The tetraalkoxide titanium and / or tetraphenoxide titanium represented by the general formula (I) is not particularly limited as long as R ₂ is an alkyl group and / or a phenyl group, but tetraisopropoxy titanium, tetra-n- Propoxy titanium, tetra-n-butoxy titanium, tetraethoxy titanium, tetramethoxy titanium, tetraphenoxy titanium and the like are preferably used. In addition, the aromatic polyvalent carboxylic acid represented by the general formula (II) to be reacted with the titanium compound or the anhydride thereof includes phthalic acid, trimellitic acid, hemimellitic acid, pyromellitic acid or an anhydride thereof. Preferably used. When reacting the above titanium compound with an aromatic polyvalent carboxylic acid or anhydride thereof, dissolve the aromatic polyvalent carboxylic acid or part or all of the anhydride in a solvent, and drop the titanium compound into this. And may be allowed to react at a temperature of 0 to 200 ° C. for 30 minutes or more. The reaction product thus obtained can also be used as a polymerization catalyst in the production of polyester.

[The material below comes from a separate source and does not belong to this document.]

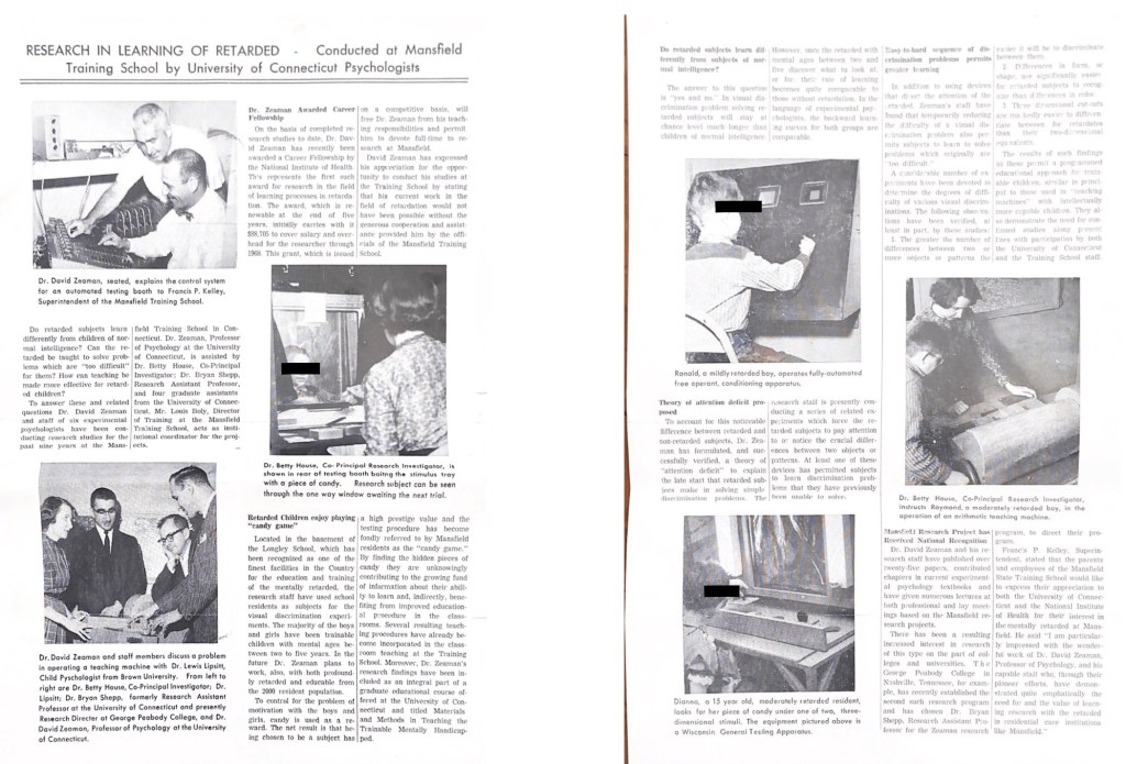 During the height of this abuse, back in the mid to late sixties, the University of Connecticut continued to cultivate their bond with MTS. UConn sent their students there. They worked there and researched there. One key faculty member from UConn that spent a majority of his time at MTS was Psychology professor David Zeaman. In an article detailing Zeaman’s work, it mentions that Zeaman had been conducting research at MTS for 9 years with the assistance of 6 other experimental psychologists. Due to his innovative research, he was awarded a Career Fellowship by the National Institute of Health, which was the first such award for research in the field of learning processes in the field. The award was a salary of $88,705 ($685,750.08 today), intended to cover Zeaman through 1968. This grant would ‘free’ Zeaman from his teaching responsibilities and allow him to do full time research at MTS.

  The amount of the titanium compound used as the polymerization catalyst is not particularly limited, but is preferably in the range of 3 to 30 mmol% as a Ti metal atom with respect to all repeating units constituting the polyester as described above. A more preferable usage amount is as described above. Moreover, the catalyst which consists of these titanium compounds can be used simultaneously not only as a polymerization catalyst but also as a transesterification reaction catalyst. Among the above-described polymerization catalysts, particularly when a titanium compound is used as the polymerization catalyst, the effects of the present invention can be particularly exerted. However, the titanium compound used as the polymerization catalyst is more preferably the above-described general formula ( II), or a product obtained by reacting a compound represented by the general formula (II) with an aromatic polycarboxylic acid represented by the following general formula (III) or an anhydride thereof. .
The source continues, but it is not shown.